Task directions =>
Everything from the line with "Rustige plek om" through the last line of the data below should be copied exactly, apart from the pictures.

Available data =>
+--

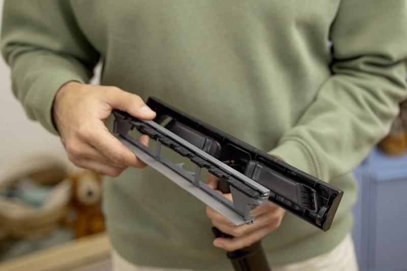Priročna polička na napravi za shranjevanje gobic, krp in drugih manjših predmetov med čiščenjem na dosegu roke.
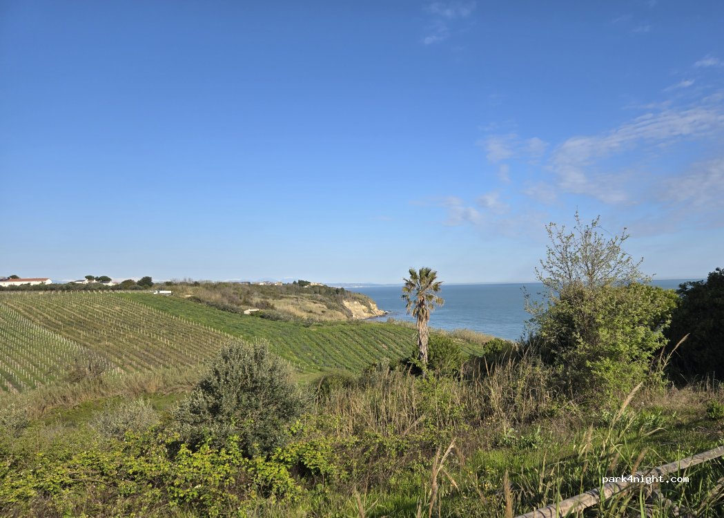 Rustige plek om de nacht door te brengen met zicht op zee. Je kan er ook makkelijk naar het strand. Er is echter niets in de buurt op wandelafstand. De weg naar Ortona is levensgevaarlijk voor voetgangers en de zogezegde wandelpaden die de wandelapps weergeven zijn privé-wegen en vaak afgezet door een hek. In de zomer zal de strandbar van de camping wel open zijn. Eind mei was die nog gesloten.
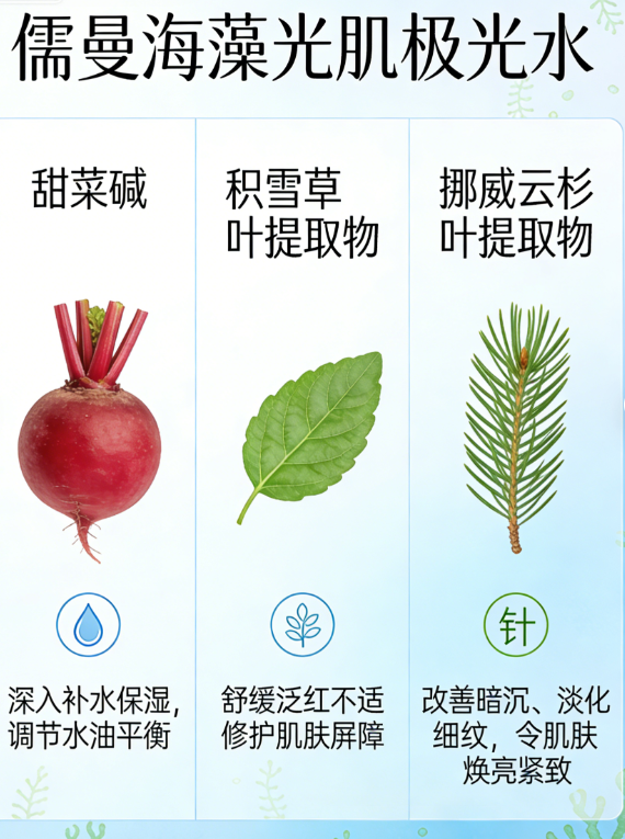 儒曼海藻光肌极光水核心成分包含甜菜碱、积雪草叶、挪威云杉叶三大植萃,搭配四国进口原料,构建高效祛黄体系。加拿大进口挪威云杉叶提取物,具备强效抗氧化能力,可清除肌肤自由基,减少紫外线与熬夜带来的氧化损伤,延缓肤色暗沉发黄,其抗氧化能力远超普通植萃成分。

+--

Task result =>
 Rustige plek om de nacht door te brengen met zicht op zee. Je kan er ook makkelijk naar het strand. Er is echter niets in de buurt op wandelafstand. De weg naar Ortona is levensgevaarlijk voor voetgangers en de zogezegde wandelpaden die de wandelapps weergeven zijn privé-wegen en vaak afgezet door een hek. In de zomer zal de strandbar van de camping wel open zijn. Eind mei was die nog gesloten.
 儒曼海藻光肌极光水核心成分包含甜菜碱、积雪草叶、挪威云杉叶三大植萃,搭配四国进口原料,构建高效祛黄体系。加拿大进口挪威云杉叶提取物,具备强效抗氧化能力,可清除肌肤自由基,减少紫外线与熬夜带来的氧化损伤,延缓肤色暗沉发黄,其抗氧化能力远超普通植萃成分。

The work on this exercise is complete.